I have the following matrix:
j <- matrix(c(1,1,.5,1,1,.5,.5,.5,1), nrow=3, ncol=3)
Which is positive semi-definite, because all of the eigenvalues are >= 0.
> eigen(j, symmetric = TRUE)
$values
[1] 2.3660254 0.6339746 0.0000000
$vectors
[,1] [,2] [,3]
[1,] -0.6279630 -0.3250576 7.071068e-01
[2,] -0.6279630 -0.3250576 -7.071068e-01
[3,] -0.4597008 0.8880738 -1.942890e-15
However, the cholesky decomposition fails...
> chol(j)
Error in chol.default(j) :
the leading minor of order 2 is not positive definite
I also adapted some code from the internet...

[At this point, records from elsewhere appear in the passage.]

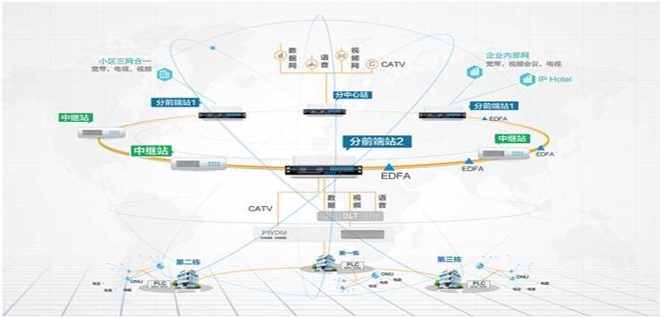 Internet宽带接入、有线电视广播(CATV)接入和IP电话三网合一光纤到家(FTTH)解决方案组网方式。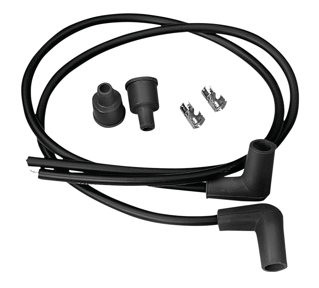 20" long (50 cm) with spark plug cap. Will fit any coil with "plug-in" connector as used on Harley's. Also fits our dual lead coils (non resistor type) (OEM 31981-65B).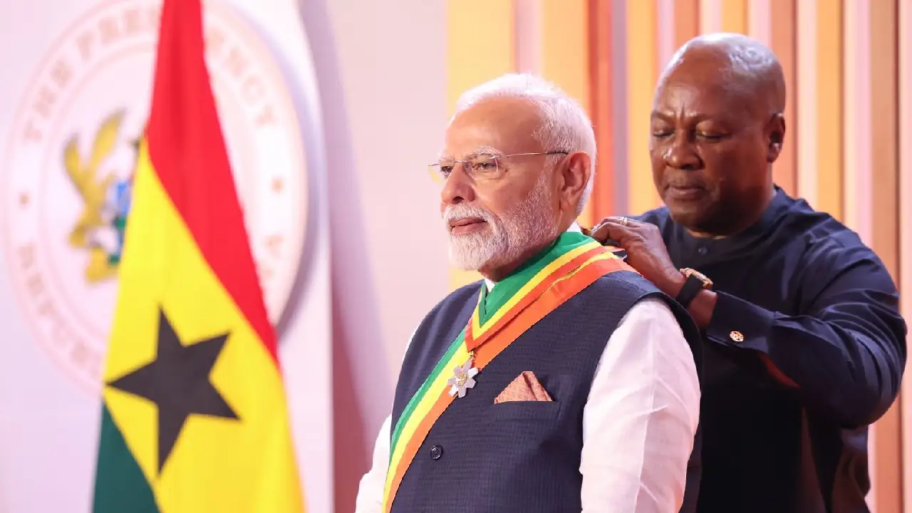 प्रधानमंत्री नरेंद्र मोदी को अफ्रीकी देश घाना ने अपने सर्वोच्च नागरिक सम्मान “Officer of the Order of the Star of Ghana” से सम्मानित किया है। यह सम्मान घाना की राजधानी अक्रा में आयोजित विशेष समारोह में राष्ट्रपति जॉन द्रामानी महामा द्वारा प्रदान किया गया।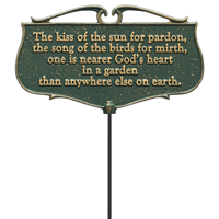 Add a decorative touch to your lawn, garden, or yard with our handcrafted GardenBoss™ signs. Cast from aluminum with bold embossed inscriptions that display classic messages, warnings, and poems clearly with a dash of flair. So whether your creating a welcoming atmosphere, or detering pesky interlopers, our easy stake signs add the finishing touch to any home or garden.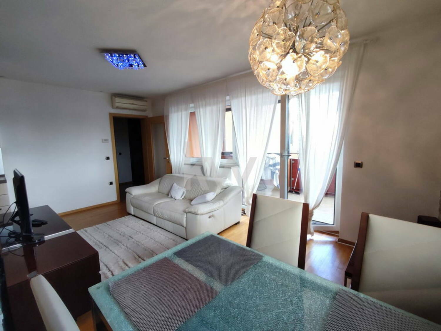dnevni prostor z izhodom na balkon in teraso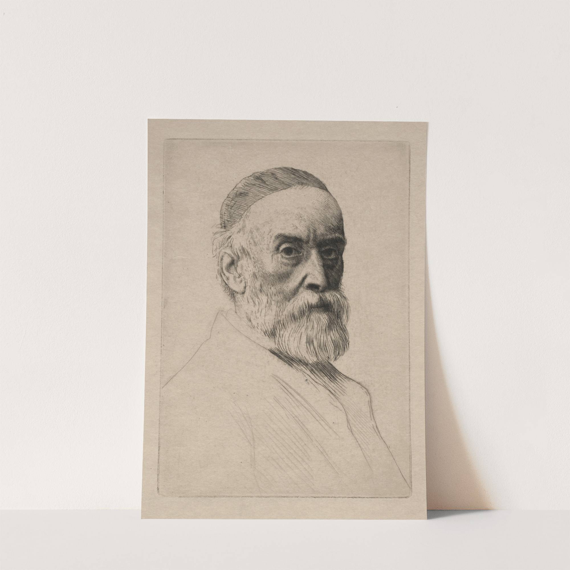 This monochromatic etching portrays a dignified elderly man with a contemplative expression. The artist has meticulously rendered the details of his weathered face, including deep-set eyes that convey wisdom and introspection, a prominent nose, and a full beard with individual...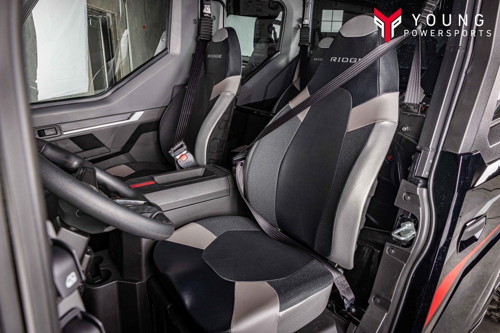 RIDGE® XR CREW HVAC side x sides come equipped for year-round comfort. A factory-standard full cab with heating, ventilation, and air conditioning (HVAC) makes a comfortable escape from the heat in summer, the cold in winter, and everything in between.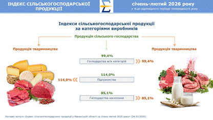 тваринництва у підприємствах за районами за січень-лютий 2026 року
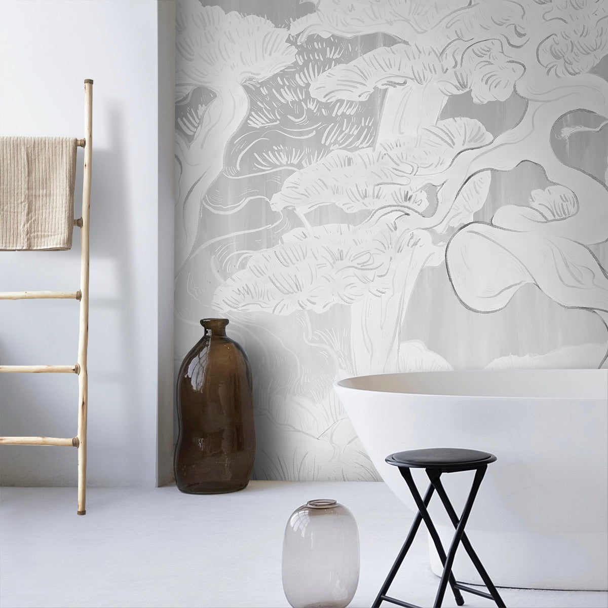 はがせるミューラル壁紙 シールタイプ Bonsai Garden Silver TSO-G00154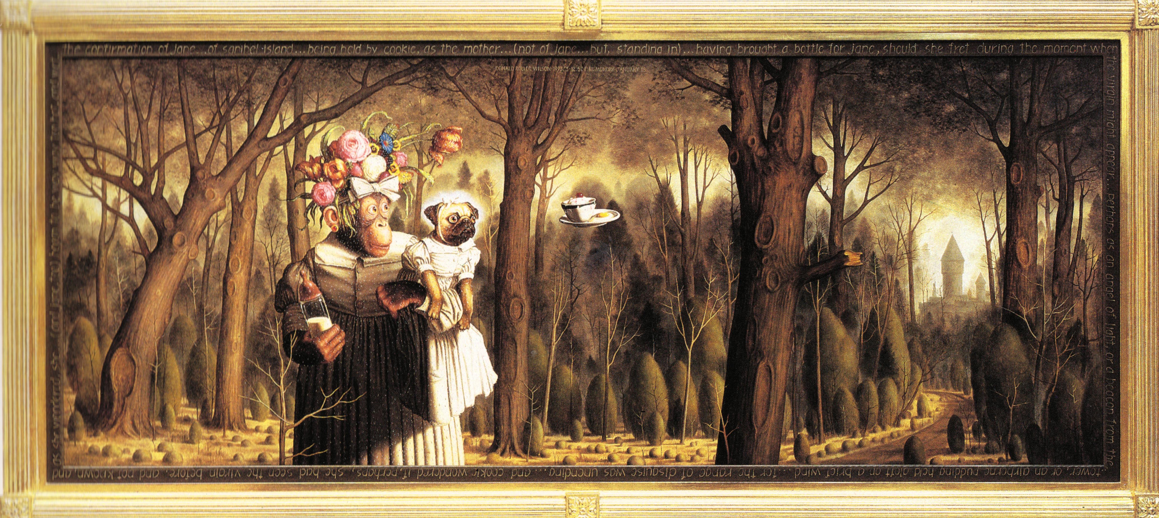 Donald Roller Wilson Cookie as the Mother...(But only standing in)…Holding jane...and trying to soothe her...(During an appearance of the virgin in disguise)…,1993, oil on canvas, oil on wood, 35 x 77 inches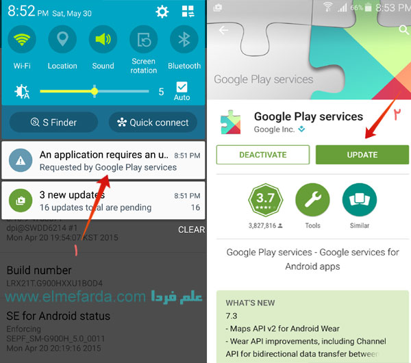 آپدیت Google play services بعد از نصب اندروید 5 روی گلکسی اس 5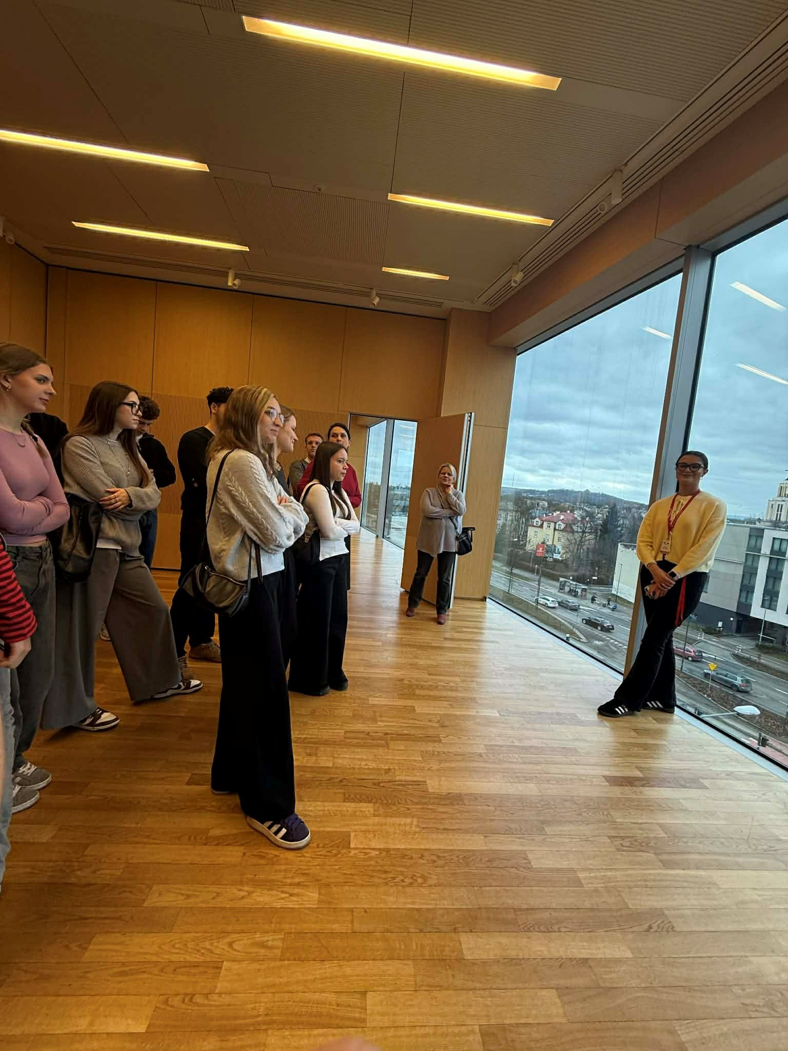 25 lutego 2026 r. studenci kierunku Zarządzanie Rekreacją i Rozrywką rozpoczęli cykl zajęć study tour. Pierwszym punktem programu była wizyta w ICE Kraków Congress Centre. Po obiekcie oprowadzała ich Pani Wiktoria Biel-Leśniak, Specjalistka ds. Sprzedaży, która przybliżyła studentom specyfikę funkcjonowania jednego z najnowocześniejszych centrów kongresowych w Polsce. Podczas wizyty studenci mieli okazję zwiedzić przestrzenie obiektu, w tym sale wielofunkcyjne, w których odbywają się najważniejsze wydarzenia kulturalne i biznesowe w Krakowie. Poznali również innowacyjne rozwiązania architektoniczne oraz akustyczne zastosowane w budynku. Pani Wiktoria podzieliła się także wiedzą na temat procesów sprzedaży, pozyskiwania wydarzeń oraz obsługi klienta biznesowego. Spotkanie było doskonałą okazją do poznania kulis zarządzania marką o międzynarodowym zasięgu oraz specyfiki funkcjonowania branży MICE. Wizyta stanowiła wartościowe doświadczenie edukacyjne i pozwoliła studentom lepiej poznać praktyczne aspekty pracy w sektorze przemysłu spotkań.

cholesky_matrix <- function(A){
# http://rosettacode.org/wiki/Cholesky_decomposition#C
L <- matrix(0,nrow=nrow(A),ncol=ncol(A))
colnames(L) <- colnames(A)
rownames(L) <- rownames(A)
m <- ncol(L)
for(i in 1:m){
for(j in 1:i){
s <- 0
if(j > 1){
for(k in 1:(j-1)){
s <- s + L[i,k]*L[j,k]
}
}
if(i == j){
L[i,j] <- sqrt(A[i,i] - s)
} else {
L[i,j] <- (1 / L[j,j])*(A[i,j] - s)
}
}
}
return(L)
}
Which also "fails" with NaNs.
> cholesky_matrix(j)
[,1] [,2] [,3]
[1,] 1.0 0 0
[2,] 1.0 0 0
[3,] 0.5 NaN NaN
Does anyone have any idea what is going on? Why is my decomposition failing?